Les membres trempés de sueur, il avança longtemps dans les entrailles du roc. A la fin, il eut une défaillance. Les battements de son cœur, qui faisaient comme un grand bruit d’ailes, s’affaiblirent. Il n’y eut plus qu’une palpitation chétive; le courage et l’espoir tombèrent comme des fardeaux. Quand le cœur reprit quelque force, Targ se jugea ridicule d’être engagé dans une aventure aussi primitive.

—Ne serais-je pas un fou?

Et il commença de ramper en arrière. Alors, un désespoir atroce l’accabla; l’image d’Erê se dessina si vive qu’elle semblait être avec lui dans la fissure.

—Ma folie vaudrait encore mieux que l’affreuse sagesse de mes semblables... En avant!

Il recommença l’aventure; il joua sauvagement sa vie, résolu à ne s’arrêter que devant l’infranchissable.

Le hasard parut favorable à son audace; la crevasse s’élargit, il se trouva dans un haut corridor de basalte dont la voûte semblait soutenue par des colonnes d’anthracite. Une joie aiguë le saisit, il se mit à courir; tout parut possible.

Mais la pierre est aussi pleine d’énigmes que, jadis, la forêt verte. Soudain, le couloir se termina. Targ se trouva devant une muraille ténébreuse dont la radiatrice tirait à peine quelques reflets... Néanmoins, il ne cessait d’explorer les parois. Et il découvrit, à trois mètres de hauteur, l’ouverture d’une autre crevasse.

C’était une fente un peu sinueuse, inclinée d’environ quarante degrés sur l’horizontale, assez large pour admettre le passage d’un homme. Le veilleur la considérait avec un mélange de joie et de désappointement. Elle attirait sa chimérique espérance, puisqu’enfin la voie n’était pas définitivement close; par ailleurs, elle se manifestait décourageante, puisqu’elle reprenait vers le haut.

—Si elle ne redescend pas, il y a plus de chances qu’elle me ramène à la surface que dans le sous-sol! grommela l’explorateur.

Il eut un geste d’insouciance et de défi, un geste qui lui était étranger, comme à tous les hommes actuels, et qui répétait quelque geste ancestral. Puis, il se mit en devoir d’escalader la paroi.

Elle était presque verticale et lisse. Mais Targ avait emporté l’échelle en fibres d’arcum, que les aviateurs n’oubliaient jamais. Il la tira de son sac d’outils. Après avoir servi à plusieurs générations, elle était aussi souple et solide qu’aux premiers jours. Il déroula sa fine et légère structure et, la saisissant par le milieu, il lui imprima l’élan utile. C’était un mouvement qu’il exécutait dans la perfection. Les crochets qui terminaient l’échelle s’agriffèrent sans peine au basalte. En quelques secondes, l’explorateur atteignit la fente.
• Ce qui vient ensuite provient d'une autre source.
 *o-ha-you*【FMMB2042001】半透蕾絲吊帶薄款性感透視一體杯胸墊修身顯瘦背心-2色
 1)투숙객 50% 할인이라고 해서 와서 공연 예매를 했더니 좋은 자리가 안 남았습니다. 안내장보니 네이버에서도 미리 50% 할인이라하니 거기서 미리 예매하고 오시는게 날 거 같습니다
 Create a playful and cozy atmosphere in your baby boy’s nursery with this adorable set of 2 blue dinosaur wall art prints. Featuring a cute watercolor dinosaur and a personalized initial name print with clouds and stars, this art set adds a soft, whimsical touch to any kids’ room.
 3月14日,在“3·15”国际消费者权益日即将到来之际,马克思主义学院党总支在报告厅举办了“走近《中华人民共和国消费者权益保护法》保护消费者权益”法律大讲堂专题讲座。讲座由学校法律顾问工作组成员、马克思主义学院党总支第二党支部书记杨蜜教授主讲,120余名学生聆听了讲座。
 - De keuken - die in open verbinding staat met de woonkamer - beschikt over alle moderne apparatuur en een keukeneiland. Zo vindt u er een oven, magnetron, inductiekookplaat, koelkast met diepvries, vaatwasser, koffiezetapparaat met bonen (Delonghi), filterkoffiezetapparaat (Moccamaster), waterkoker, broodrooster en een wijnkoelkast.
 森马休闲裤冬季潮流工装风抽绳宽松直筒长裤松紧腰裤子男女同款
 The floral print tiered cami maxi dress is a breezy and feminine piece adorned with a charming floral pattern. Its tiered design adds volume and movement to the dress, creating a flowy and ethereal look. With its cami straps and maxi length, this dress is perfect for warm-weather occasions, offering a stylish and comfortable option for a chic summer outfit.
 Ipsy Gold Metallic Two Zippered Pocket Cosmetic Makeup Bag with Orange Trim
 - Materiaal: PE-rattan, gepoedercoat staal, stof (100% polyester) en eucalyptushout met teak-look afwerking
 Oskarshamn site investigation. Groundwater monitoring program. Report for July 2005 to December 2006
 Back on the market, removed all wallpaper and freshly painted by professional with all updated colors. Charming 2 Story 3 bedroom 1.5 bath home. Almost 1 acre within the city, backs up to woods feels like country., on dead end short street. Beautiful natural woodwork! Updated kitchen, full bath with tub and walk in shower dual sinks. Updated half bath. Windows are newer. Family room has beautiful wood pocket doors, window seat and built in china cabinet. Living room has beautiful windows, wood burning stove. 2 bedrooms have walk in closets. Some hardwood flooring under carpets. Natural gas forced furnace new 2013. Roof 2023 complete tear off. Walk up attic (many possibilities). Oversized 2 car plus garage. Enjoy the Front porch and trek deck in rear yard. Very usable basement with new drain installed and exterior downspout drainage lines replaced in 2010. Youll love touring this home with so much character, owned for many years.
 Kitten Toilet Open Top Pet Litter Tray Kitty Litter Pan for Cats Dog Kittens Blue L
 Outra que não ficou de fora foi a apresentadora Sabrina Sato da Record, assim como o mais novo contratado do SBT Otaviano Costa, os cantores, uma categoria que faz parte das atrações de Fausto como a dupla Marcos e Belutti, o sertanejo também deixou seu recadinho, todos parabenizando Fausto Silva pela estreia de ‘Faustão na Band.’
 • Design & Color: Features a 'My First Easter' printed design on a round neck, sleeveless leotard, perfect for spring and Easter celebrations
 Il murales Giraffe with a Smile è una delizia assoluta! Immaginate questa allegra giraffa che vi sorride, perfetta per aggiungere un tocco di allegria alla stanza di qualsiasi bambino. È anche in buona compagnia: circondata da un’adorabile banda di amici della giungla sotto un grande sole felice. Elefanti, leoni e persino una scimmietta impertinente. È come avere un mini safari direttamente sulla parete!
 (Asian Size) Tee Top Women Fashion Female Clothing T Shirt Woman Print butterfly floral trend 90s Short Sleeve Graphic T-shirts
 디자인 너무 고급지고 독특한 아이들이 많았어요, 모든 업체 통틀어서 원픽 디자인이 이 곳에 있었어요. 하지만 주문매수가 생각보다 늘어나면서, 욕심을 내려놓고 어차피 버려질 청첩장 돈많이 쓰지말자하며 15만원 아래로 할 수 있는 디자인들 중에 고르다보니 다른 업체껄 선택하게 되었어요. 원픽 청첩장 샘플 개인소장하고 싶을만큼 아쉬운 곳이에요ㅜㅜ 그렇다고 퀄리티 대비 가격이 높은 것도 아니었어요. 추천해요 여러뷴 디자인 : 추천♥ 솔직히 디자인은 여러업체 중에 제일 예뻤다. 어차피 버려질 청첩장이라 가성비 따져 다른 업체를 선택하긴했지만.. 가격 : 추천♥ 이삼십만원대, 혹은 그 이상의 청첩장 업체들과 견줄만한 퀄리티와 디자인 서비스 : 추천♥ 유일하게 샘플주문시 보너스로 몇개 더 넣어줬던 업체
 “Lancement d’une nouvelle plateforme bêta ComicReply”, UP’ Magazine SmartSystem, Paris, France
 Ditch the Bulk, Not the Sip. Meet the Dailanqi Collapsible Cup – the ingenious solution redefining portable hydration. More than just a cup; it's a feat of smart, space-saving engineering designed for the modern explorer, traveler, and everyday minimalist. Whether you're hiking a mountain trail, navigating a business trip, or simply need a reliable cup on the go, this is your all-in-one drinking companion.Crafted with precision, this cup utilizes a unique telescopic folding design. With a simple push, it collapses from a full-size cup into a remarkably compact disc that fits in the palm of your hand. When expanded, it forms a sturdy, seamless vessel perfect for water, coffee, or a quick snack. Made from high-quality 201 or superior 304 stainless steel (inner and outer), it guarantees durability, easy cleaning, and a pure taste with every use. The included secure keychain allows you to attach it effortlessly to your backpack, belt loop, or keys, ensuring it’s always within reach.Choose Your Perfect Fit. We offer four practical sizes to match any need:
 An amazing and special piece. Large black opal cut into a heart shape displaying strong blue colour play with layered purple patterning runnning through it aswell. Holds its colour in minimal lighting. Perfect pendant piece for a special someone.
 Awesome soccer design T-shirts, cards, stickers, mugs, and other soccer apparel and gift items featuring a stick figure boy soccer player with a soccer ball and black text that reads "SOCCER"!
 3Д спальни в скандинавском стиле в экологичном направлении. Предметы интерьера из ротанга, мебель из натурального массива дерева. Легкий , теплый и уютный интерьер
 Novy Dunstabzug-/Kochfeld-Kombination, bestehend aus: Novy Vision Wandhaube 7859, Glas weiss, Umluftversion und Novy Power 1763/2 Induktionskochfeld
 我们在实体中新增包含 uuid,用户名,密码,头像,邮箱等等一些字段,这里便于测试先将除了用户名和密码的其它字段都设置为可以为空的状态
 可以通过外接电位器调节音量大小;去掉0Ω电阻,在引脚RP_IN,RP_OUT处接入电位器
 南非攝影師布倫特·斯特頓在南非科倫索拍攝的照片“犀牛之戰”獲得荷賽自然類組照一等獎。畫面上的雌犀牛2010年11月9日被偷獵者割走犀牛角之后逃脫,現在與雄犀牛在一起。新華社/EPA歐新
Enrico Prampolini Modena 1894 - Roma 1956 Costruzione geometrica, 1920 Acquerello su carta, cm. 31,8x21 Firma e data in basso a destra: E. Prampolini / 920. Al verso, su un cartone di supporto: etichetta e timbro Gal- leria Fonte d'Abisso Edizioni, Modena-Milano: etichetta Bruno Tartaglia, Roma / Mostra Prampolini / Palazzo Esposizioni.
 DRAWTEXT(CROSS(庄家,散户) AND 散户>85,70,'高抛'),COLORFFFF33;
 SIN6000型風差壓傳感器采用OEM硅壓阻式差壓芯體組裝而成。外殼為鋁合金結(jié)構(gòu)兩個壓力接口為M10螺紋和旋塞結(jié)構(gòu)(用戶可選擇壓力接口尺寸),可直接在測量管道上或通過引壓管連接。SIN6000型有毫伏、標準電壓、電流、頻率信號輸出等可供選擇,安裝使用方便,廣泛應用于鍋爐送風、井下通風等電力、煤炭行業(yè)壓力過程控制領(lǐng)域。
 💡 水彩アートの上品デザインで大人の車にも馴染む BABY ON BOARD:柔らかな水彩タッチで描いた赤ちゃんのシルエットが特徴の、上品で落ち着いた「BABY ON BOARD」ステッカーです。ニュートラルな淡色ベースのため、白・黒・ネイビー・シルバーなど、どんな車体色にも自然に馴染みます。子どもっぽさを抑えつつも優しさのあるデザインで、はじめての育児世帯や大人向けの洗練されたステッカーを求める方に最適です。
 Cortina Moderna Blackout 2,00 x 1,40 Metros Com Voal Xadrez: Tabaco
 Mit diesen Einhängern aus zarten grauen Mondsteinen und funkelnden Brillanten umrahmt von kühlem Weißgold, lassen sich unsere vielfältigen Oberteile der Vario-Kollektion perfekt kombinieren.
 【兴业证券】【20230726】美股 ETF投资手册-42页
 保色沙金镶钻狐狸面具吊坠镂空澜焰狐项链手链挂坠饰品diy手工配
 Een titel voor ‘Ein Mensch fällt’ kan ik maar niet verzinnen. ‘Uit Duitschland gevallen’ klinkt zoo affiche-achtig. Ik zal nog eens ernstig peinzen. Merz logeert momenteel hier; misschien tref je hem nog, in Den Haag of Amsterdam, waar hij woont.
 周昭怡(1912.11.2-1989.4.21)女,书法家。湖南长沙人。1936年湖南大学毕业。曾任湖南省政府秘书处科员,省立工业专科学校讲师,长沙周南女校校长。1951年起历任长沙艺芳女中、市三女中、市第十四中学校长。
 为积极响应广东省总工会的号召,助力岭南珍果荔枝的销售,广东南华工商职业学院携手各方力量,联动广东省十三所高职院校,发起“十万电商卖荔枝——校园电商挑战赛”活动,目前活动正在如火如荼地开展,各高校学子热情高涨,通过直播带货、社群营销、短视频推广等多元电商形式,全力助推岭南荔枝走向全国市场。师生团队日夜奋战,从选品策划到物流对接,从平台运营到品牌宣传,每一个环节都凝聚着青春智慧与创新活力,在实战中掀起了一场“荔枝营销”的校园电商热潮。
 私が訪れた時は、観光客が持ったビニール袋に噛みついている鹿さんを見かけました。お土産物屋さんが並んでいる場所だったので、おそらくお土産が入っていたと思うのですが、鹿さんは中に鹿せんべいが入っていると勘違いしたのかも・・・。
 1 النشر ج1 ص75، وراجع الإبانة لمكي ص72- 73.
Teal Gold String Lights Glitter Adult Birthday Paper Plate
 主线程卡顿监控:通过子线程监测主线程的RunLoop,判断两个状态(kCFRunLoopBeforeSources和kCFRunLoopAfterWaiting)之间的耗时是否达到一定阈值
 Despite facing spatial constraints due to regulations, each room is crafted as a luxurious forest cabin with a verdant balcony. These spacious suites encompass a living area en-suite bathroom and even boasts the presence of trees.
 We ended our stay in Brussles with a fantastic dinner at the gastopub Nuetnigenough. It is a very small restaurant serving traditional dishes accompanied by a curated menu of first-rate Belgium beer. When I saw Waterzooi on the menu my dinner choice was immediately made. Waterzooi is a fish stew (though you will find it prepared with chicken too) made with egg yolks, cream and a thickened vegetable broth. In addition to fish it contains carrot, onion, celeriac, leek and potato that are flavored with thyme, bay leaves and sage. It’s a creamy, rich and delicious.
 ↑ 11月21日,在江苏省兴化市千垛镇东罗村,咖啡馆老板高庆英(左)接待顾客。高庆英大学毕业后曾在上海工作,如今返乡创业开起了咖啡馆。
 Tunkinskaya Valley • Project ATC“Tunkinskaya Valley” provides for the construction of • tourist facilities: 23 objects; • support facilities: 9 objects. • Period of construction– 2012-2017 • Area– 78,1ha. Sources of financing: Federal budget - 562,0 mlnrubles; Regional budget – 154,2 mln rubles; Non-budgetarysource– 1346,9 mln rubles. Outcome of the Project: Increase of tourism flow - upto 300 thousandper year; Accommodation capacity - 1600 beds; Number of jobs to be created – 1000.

Il ne put retenir un cri de mécontentement. Car si la crevasse était parfaitement praticable, en revanche elle remontait par une pente assez forte. Tant d’efforts auraient donc été vains!

Toutefois, ayant replié l’échelle, Targ s’engagea dans la fissure. Les premiers pas furent pénibles. Puis, le terrain s’aplanit, un couloir se montra où plusieurs hommes auraient pu marcher de front. Malheureusement, la pente montait toujours. Le veilleur supputa qu’il devait se trouver à une quinzaine de mètres au-dessus du niveau de la plaine extérieure; le voyage souterrain devenait une ascension!...

Il marcha vers le dénouement, quel qu’il fût, avec une tranquille amertume et tout en se reprochant la folle aventure: qu’avait-il fait pour aboutir à une découverte qui dépasserait en importance tout ce qu’avaient trouvé les hommes depuis des centaines de siècles? Suffirait-il qu’il eût un caractère chimérique, une âme plus révoltée que les autres, pour réussir là où l’effort collectif, appuyé d’un outillage admirable, avait échoué? Une tentative comme la sienne ne réclamait-elle pas une résignation et une patience absolues?...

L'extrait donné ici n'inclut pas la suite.